UK DB pension deficits fall £61bn amid rising gilt yields

UK defined benefit (DB) pension scheme deficits against long-term funding targets fell by £61bn to £256bn in March 2022, according to XPS Pension's DB:UK Funding Tracker.

This was based on assets of £1,751bn and liabilities of £2,007bn, resulting in an average funding level for UK pension schemes on a long-term target basis of 87 per cent, as at 30 March 2022.

As a result, XPS suggested that the average pension scheme would need an additional £25,000 per member to ensure it can pay their pensions into the long term, down from £31,000 in February.

XPS attributed the “significant improvement” in funding levels in March to a sharp rise in gilt yields that reduced liabilities, noting that despite significant increases in short-term inflation, long-term inflation also fell slightly over the month helping to reduce deficits further.

XPS senior consultant, Charlotte Jones, commented: “Gilt yields have reached their highest levels in the last three years due to commodity prices pushing up short term inflation rates.
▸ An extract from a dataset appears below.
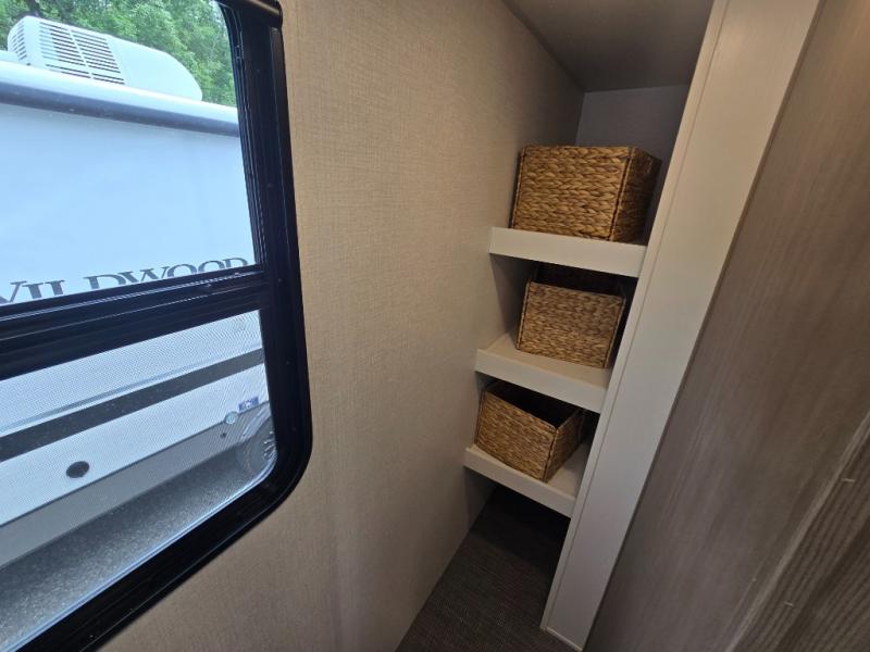 With any Impression mid-profile fifth wheel by Forest River, the focus of the design is comfort and value, built with quality craftsmanship and attention to customer's desires in each Impression! The exterior includes upgraded E-rated tires, custom exterior graphics package, and insulated slam latch baggage doors. There is also an enclosed docking station, an outside shower, and a 100W roof solar panel for off-grid capabilities. The fully heated and enclosed AccessiBelly has removable underbelly panels and offers four seasons of travel, and there is an industry leading 15K A/C plus 35K BTU furnace to keep you comfortable. The interior has lumbercore cabinetry, residential linoleum, residential backsplash in the kitchen, and oversized opening windows in the living area for more natural lighting and good air flow.
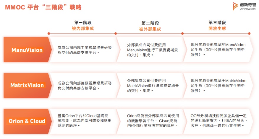 目前,公司AI产品体系统称MMOC平台,由Orion分布式机器学习平台、ManuVision机器视觉智能平台、MatrixVision边缘视频智能平台和Cloud云平台四个部分有机结合。MMOC平台以“数据+算法”为技术核心,支持自动化、低代码技术开发及“云、边、端”一体化部署交付,能端到端支持AI 解决方案创新、研发和交付,为多种AI解决方案的落地提供技术支撑。

“This is good news for pension schemes, which should review any de-risking opportunities, secure their liabilities and lock in any reduction in deficits by reducing risk in their investment strategy or taking advantage of the recent improvements in buyout pricing.”

However, despite recent funding improvements, XPS also recently warned that UK DB pension schemes' progress in achieving long-term funding targets may have been set back by as much as 10 years following Covid-19.